◆ YOUR ASSIGNMENT ◆
Your answer must be the lines from the one holding "Thursday July 1." through the final line of the entries below, copied exactly, with no pictures.

◆ DATA SUPPLIED ◆
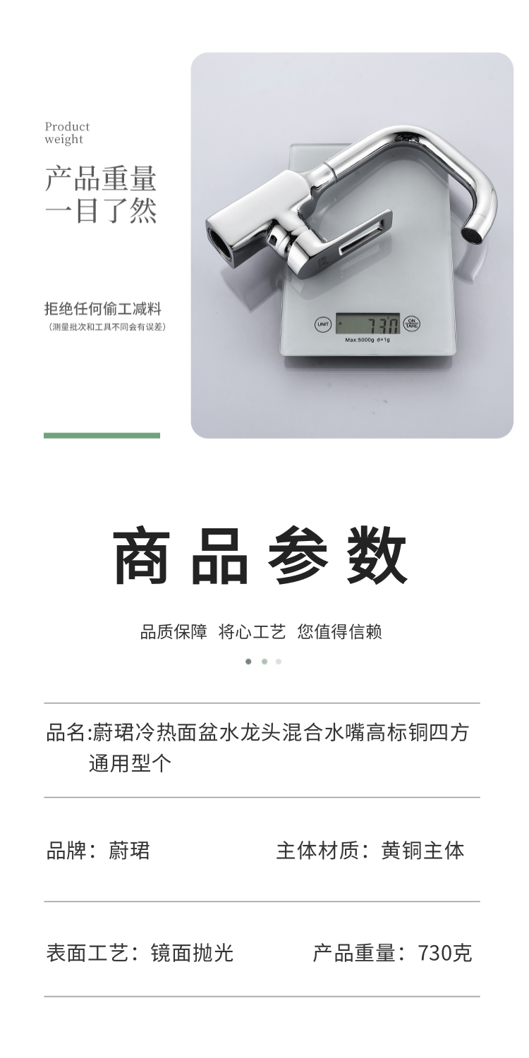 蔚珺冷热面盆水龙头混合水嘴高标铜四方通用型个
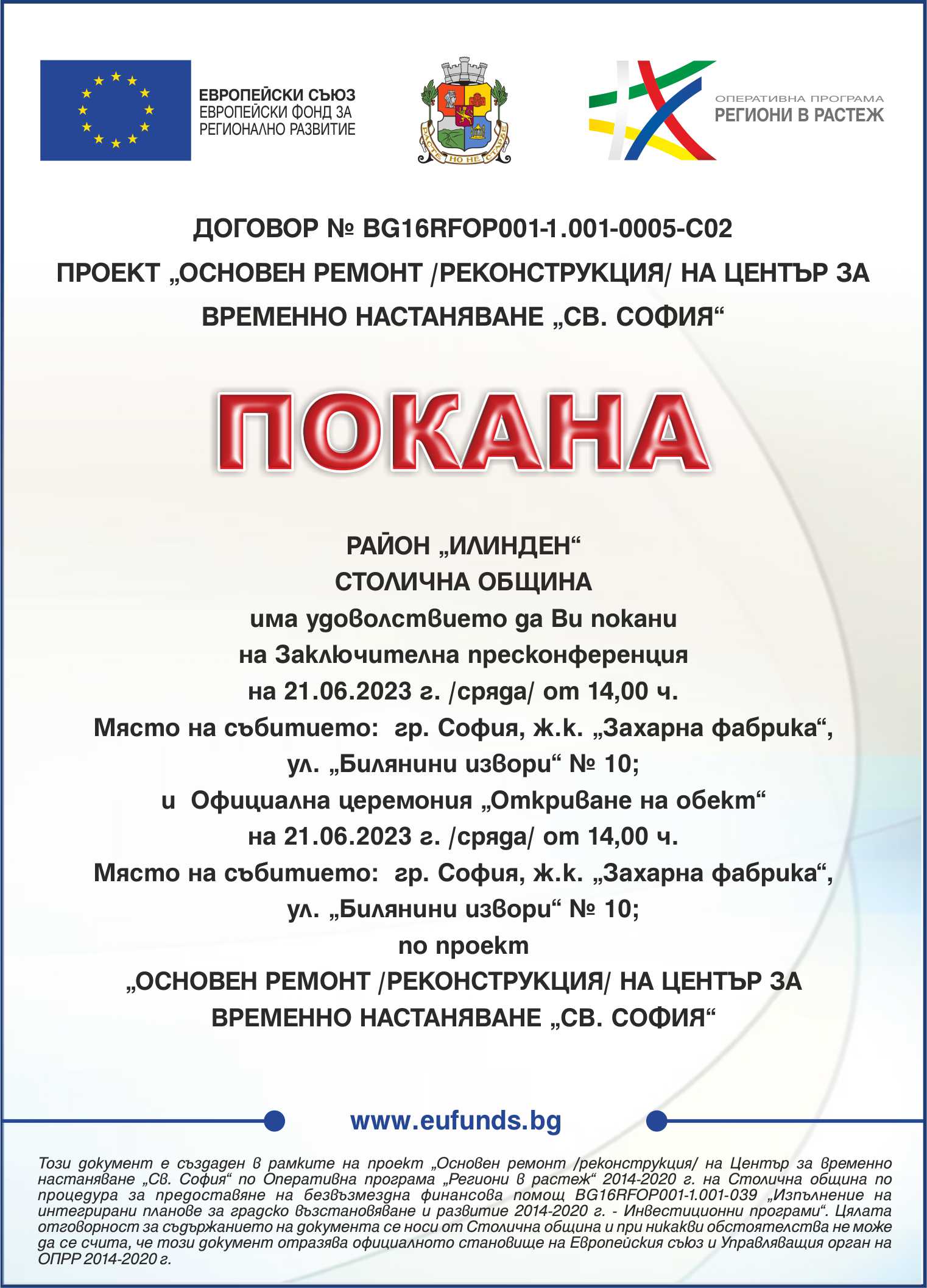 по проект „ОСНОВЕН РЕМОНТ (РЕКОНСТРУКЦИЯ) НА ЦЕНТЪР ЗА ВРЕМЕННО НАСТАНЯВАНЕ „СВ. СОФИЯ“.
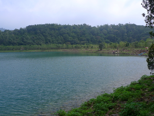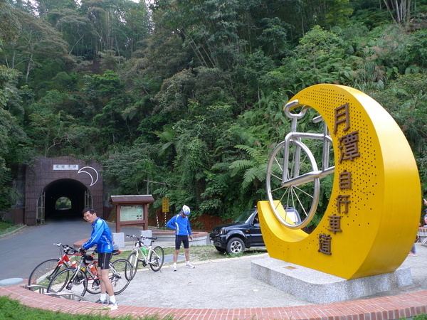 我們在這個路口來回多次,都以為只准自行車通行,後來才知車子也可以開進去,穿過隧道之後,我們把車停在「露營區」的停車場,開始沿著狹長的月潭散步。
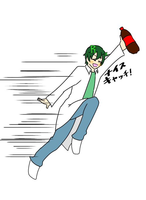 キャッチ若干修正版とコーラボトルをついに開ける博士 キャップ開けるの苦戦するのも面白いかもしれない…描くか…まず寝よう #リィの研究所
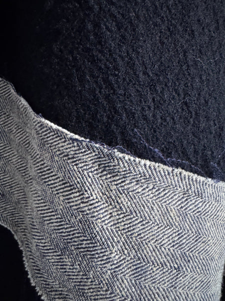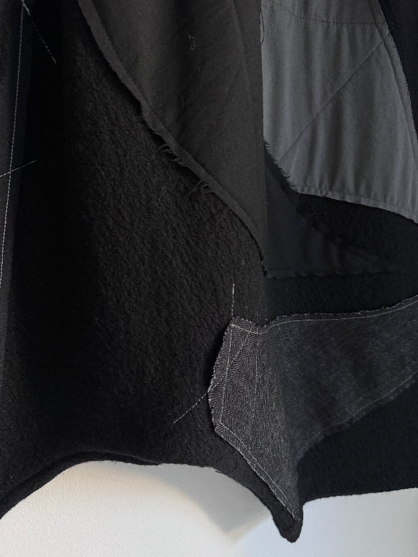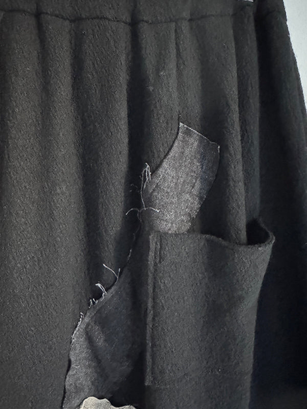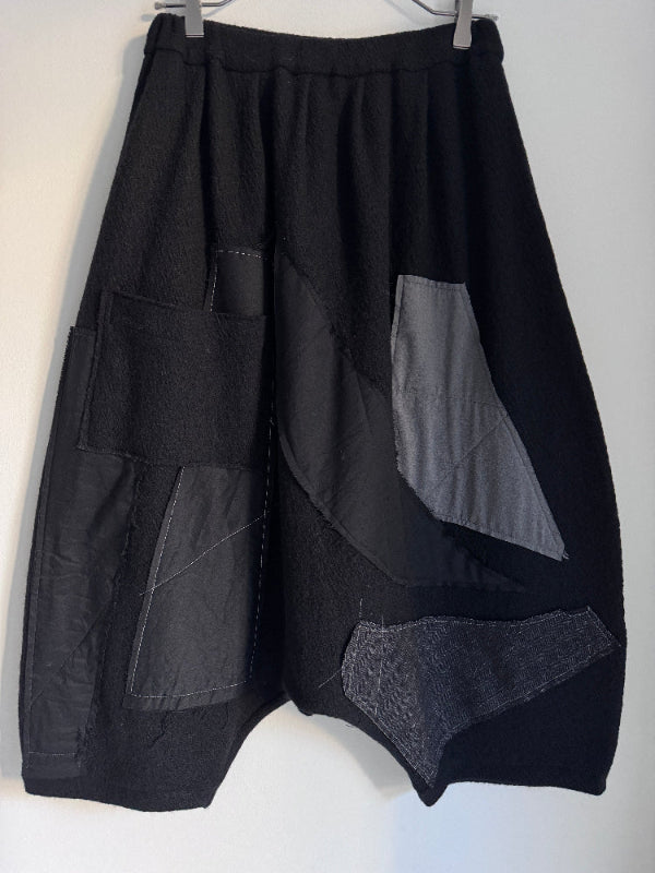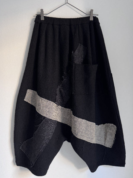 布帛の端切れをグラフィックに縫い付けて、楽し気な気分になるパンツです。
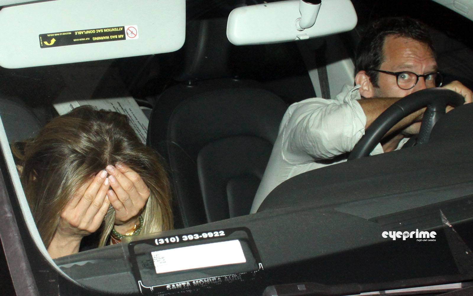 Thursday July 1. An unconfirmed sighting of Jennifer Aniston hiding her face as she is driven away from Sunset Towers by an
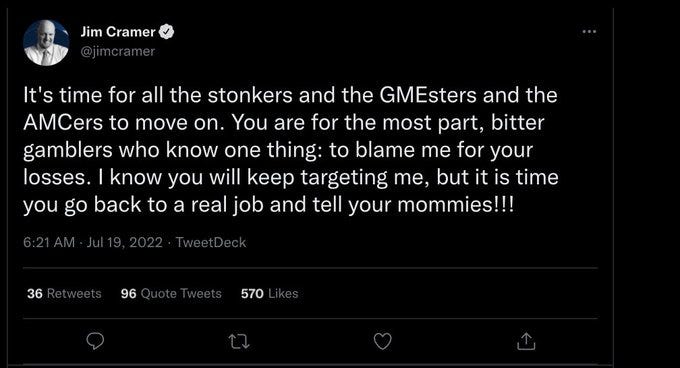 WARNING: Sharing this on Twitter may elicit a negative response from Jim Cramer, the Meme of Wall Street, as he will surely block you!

◆ REPLY TO THE EXERCISE ◆
 Thursday July 1. An unconfirmed sighting of Jennifer Aniston hiding her face as she is driven away from Sunset Towers by an
 WARNING: Sharing this on Twitter may elicit a negative response from Jim Cramer, the Meme of Wall Street, as he will surely block you!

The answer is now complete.